Fig. 2.Putative determinants of coronavirus pathogenicity in the nucleocapsid and the spike protein. (A) (Left) Phylogenetic tree and protein alignment of the nucleocapsid protein across coronavirus species with the unrooted tree built based on the nucleocapsid amino acid sequences. NLS and NES are outlined in orange and green, respectively. The circle next to each signal sequence denotes peptide charge, with red denoting higher charge and blue denoting a lower charge. (Right) The overall charge of each full protein sequence. (B) Map of SARS-CoV-2 nucleocapsid protein with relevant NLS (orange) and NES (green) motifs marked. (C) Boxplots displaying (Left, Center Left, and Center Right) the charge of the three NLS motifs and (Right) that of the complete nucleocapsid protein for SARS-CoV-2, SARS-CoV, MERS-CoV, and low-CFR strains. The one-sided rank sum P values are shown when significant between any two groups, supporting a gradual increase of the charge.

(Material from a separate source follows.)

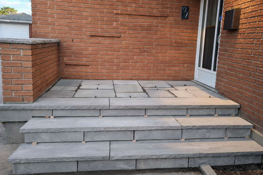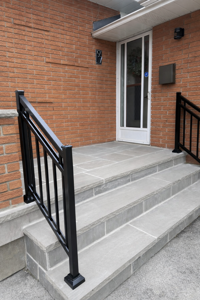 Front Porch Transformation in Mississauga: From Unsafe Precast Steps to Solid Concrete, Flagstone & Black Aluminum Railing

Fig. 3.The signature inserts in the spike glycoproteins of the high-CFR coronaviruses. (A) Map of SARS-CoV-2 spike protein with relevant protein regions and the features detected by the present analysis with the unrooted tree built based on the spike amino acid sequences. The relevant regions include the RBD, the RBM, the furin recognition site, a hydrophobic residue preceding the first heptad repeat, and both heptad repeats. The two features detected by this analysis are the insertions in the RBM found in pathogenic strains before the zoonotic transmission to human, and the insertion in the high-CFR strains preceding the heptad repeat. (B) Phylogenetic tree and protein alignment of the spike protein insertion preceding the first heptad repeat with the unrooted tree built based on the spike amino acid sequences. (C) Phylogenetic tree and protein alignment of the spike protein zoonotic insertions in the RBM of high-CFR coronaviruses (disulfide bonds are shown for human strains). (D) Structure of the SARS-CoV-2 spike glycoprotein trimer with the inserts mapped to the heptad repeat-containing domain and the receptor-binding domain. Top Inset (red rectangle) shows the locations of the inserts in the RBM, designated as in A, that are located within segments bordered by orange spheres (unresolved in the structure). Middle Inset (blue rectangle) shows the GAAL insert upstream of the first heptad-repeat region. Bottom Inset (blue rectangle) shows a close view of the GAAL insert (in orange). (E) (Top) Structures of the receptor-binding motifs of SARS-CoV, SARS-CoV-2 and MERS-CoV. The inserts are highlighted in wheat for MERS-CoV, orange for SARS-CoV, and purple for SARS-CoV-2, and the PC doublets and disulfide bonds are shown. (Bottom) Interactions between the inserts in the RBM of the spike glycoproteins of SARS-CoV, SARS-CoV-2, and MERS-CoV, and the corresponding human receptors. Residues shown with stick models are within a 5-Å distance from the interacting residues in the inserts. The salt bridge is highlighted in red with a thick red border (in MERS-CoV), charge interaction is highlighted in red with a thin blue border (SARS-CoV-2), and H-bond network is highlighted in yellow (Y473, T27, S19).